8 Incomplete Specification
I’m sure there are ambiguities, missing primitives, and probably outright errors in this specification. Post to the newsgroup when you discover them.
9 Hints
For Heaven’s sake, develop this project incrementally. For instance, you can develop an interpreter that only handles constants. Then, you can add primitives, and the application of primitives. Don’t try to swallow the elephant in one bite.
10 An Example
It’s hard to provide an example, because the inputs to your function are going to be chosen from your own representations, and therefore specific to your team. However, I can show you an example of the representation that I’m using, and what it’s supposed to produce. With luck, you can read and understand this example.
| (check-equal? |
| (test-interp '(letrec ([even? (x) (return (if (zero? x) |
| #t |
| (odd? (- x 1))))] |
| [odd? (x) (return (if (zero? x) |
| #f |
| (even? (- x 1))))]) |
| (and (odd? 13) |
| (and (not (even? 13)) |
| (even? 14))))) |
| true) |
11 Requirements
Your solution should consist of several things: a README file, a TEAM file, a go.sh file, and source and test case files.
in the README file, a few lines of description on how you solved the project, including what language or languages you used.
also in the README file, a specification of the way that you represent the three forms of data required by the interpreter: the values, the expressions, and the environments. If you’re using a statically typed language, it should be enough just to point to the type that represents each one of them (That is: what type represents expressions? what type represents values? What type represents environments?) If you’re using Scheme in the PLAI language, you can specify these using define-type’s. If you’re using another dynamically typed language, you’ll probably have to specify these explicitly.

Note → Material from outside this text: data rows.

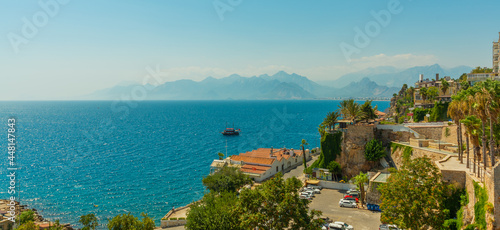 © Anna ART, Obraz premium ANTALYA, TURKEY: Top view of the old town, the sea and the mountains on a sunny summer day in Antalya.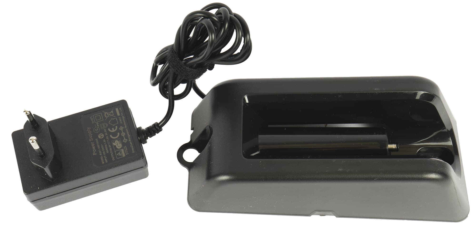 Для зарядки и хранения используется настенное крепление, к которому подключается адаптер постоянного тока (35 В 1 А).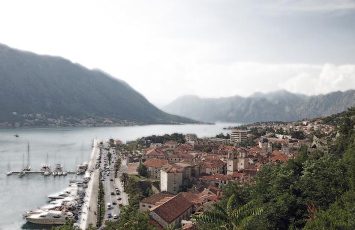 Только ушли от них, как выскочили к видам на Бока-Которский залив. Есть несколько мест, где оборудованы смотровые площадки. Хорошо еще, что эти спортсмены оказались не чужды прекрасному и также тормозили везде, где можно, а то в Котор до темноты мы б может и не попали бы.
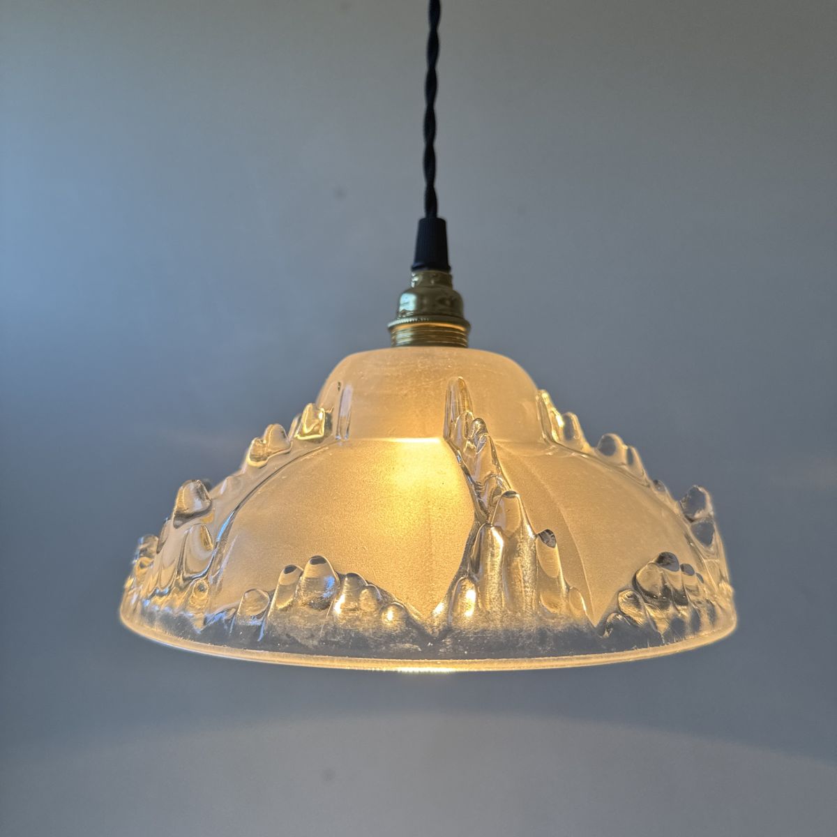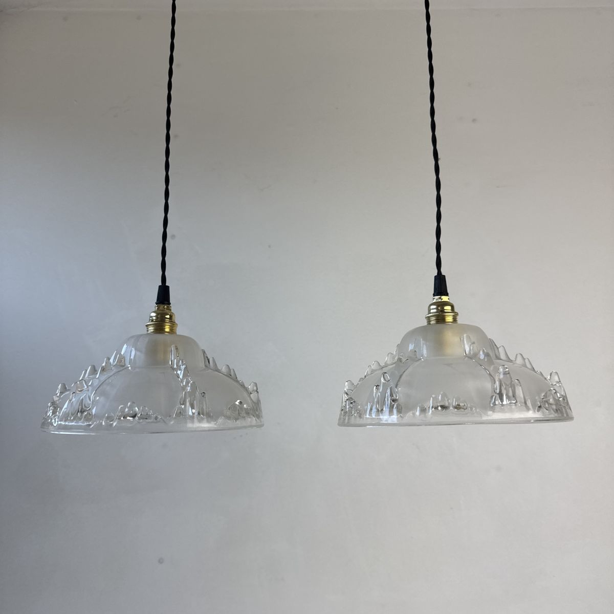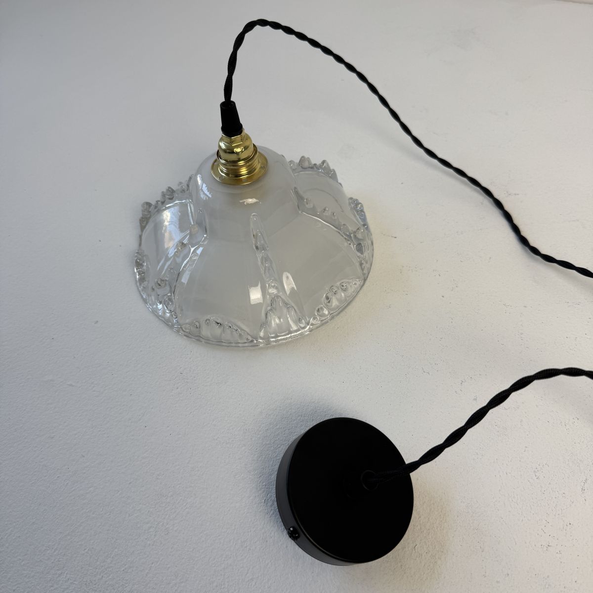 L’électricité a été refaite. Douille à vis en laiton (Ampoules E14). Branchement par domino. Fil noir en tissu tressé et rosace de fixation en métal.

A TEAM file with precisely that name, containing one line for each team member with that member’s login id, a comma, and then his or her full name. So, if Benjamin Franklin were working with George Washington, this file might contain:
bfrankli, Benjamin Franklin
gwashing, George Washington
The order of the lines is not important. You must supply this file even if you’re working alone.
a shell script called go.sh that compiles the code (if necessary) and runs all test case, printing the results to stdout. It should be clear from the output which tests failed, if any.
source files containing the definition of the interpreter.
source files containing the test cases.
12 Handin Instructions
You’ll hand in your code simply by creating a branch called Assignment1 in your subdirectory of the private part of the class repository. Whatever’s there when the deadline occurs is your submission.